The data below contains pictures, which are to be skipped; the lines starting at the line with "该报告是对上届世界经济论坛指" and ending at the line with "Toz haznesini, el" are to be output exactly, both ends included.

▶ _Records for this exercise_

━━━━━━━━━━

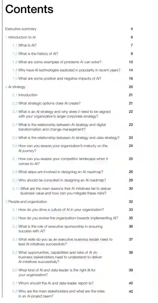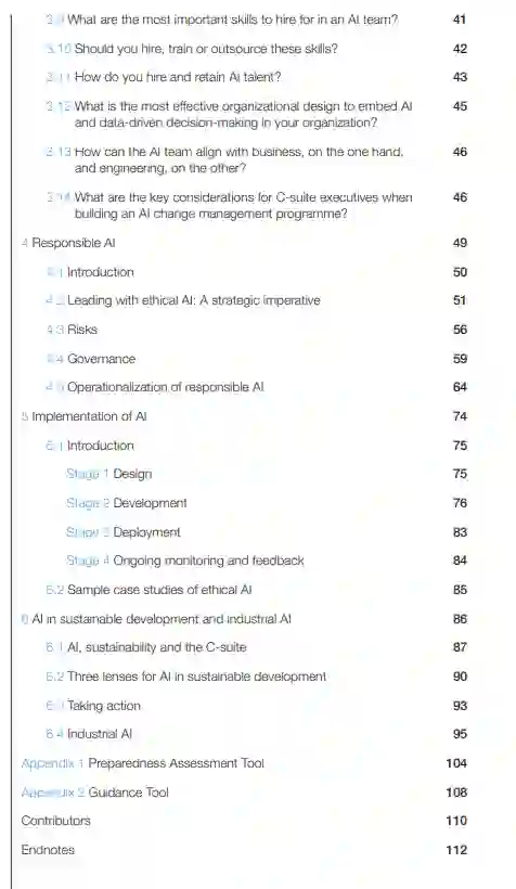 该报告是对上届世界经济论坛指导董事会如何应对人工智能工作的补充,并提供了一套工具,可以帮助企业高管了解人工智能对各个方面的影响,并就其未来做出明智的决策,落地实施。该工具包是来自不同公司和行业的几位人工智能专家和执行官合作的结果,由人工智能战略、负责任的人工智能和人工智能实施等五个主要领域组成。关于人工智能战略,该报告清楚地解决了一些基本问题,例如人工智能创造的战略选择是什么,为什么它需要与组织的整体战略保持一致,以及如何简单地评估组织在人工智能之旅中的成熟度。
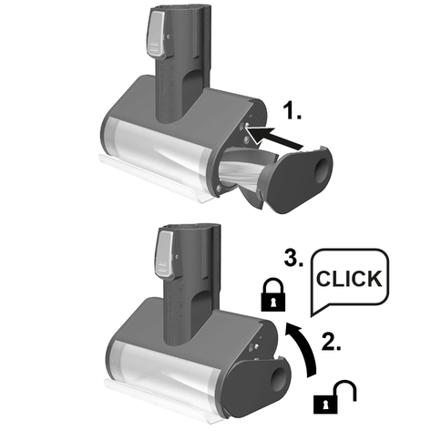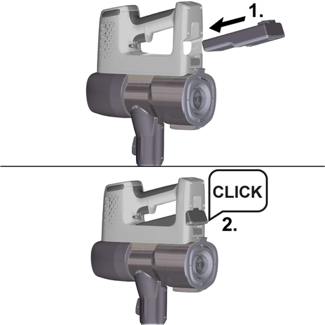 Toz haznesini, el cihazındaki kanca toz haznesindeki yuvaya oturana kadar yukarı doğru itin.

━━━━━━━━━━

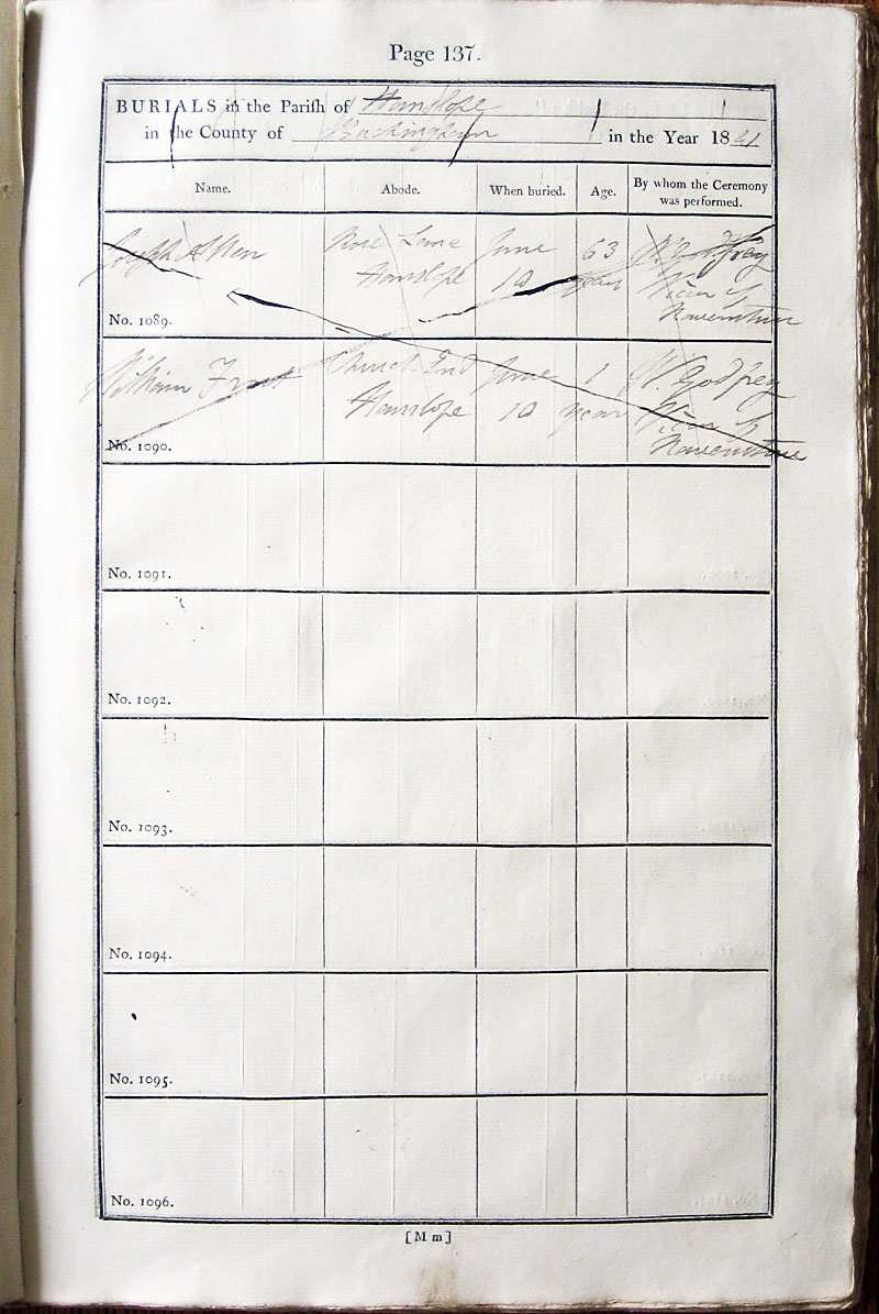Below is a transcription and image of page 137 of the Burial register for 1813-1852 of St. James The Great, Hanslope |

━━━━━━━━━━

▶ _Exercise result_
 该报告是对上届世界经济论坛指导董事会如何应对人工智能工作的补充,并提供了一套工具,可以帮助企业高管了解人工智能对各个方面的影响,并就其未来做出明智的决策,落地实施。该工具包是来自不同公司和行业的几位人工智能专家和执行官合作的结果,由人工智能战略、负责任的人工智能和人工智能实施等五个主要领域组成。关于人工智能战略,该报告清楚地解决了一些基本问题,例如人工智能创造的战略选择是什么,为什么它需要与组织的整体战略保持一致,以及如何简单地评估组织在人工智能之旅中的成熟度。
 Toz haznesini, el cihazındaki kanca toz haznesindeki yuvaya oturana kadar yukarı doğru itin.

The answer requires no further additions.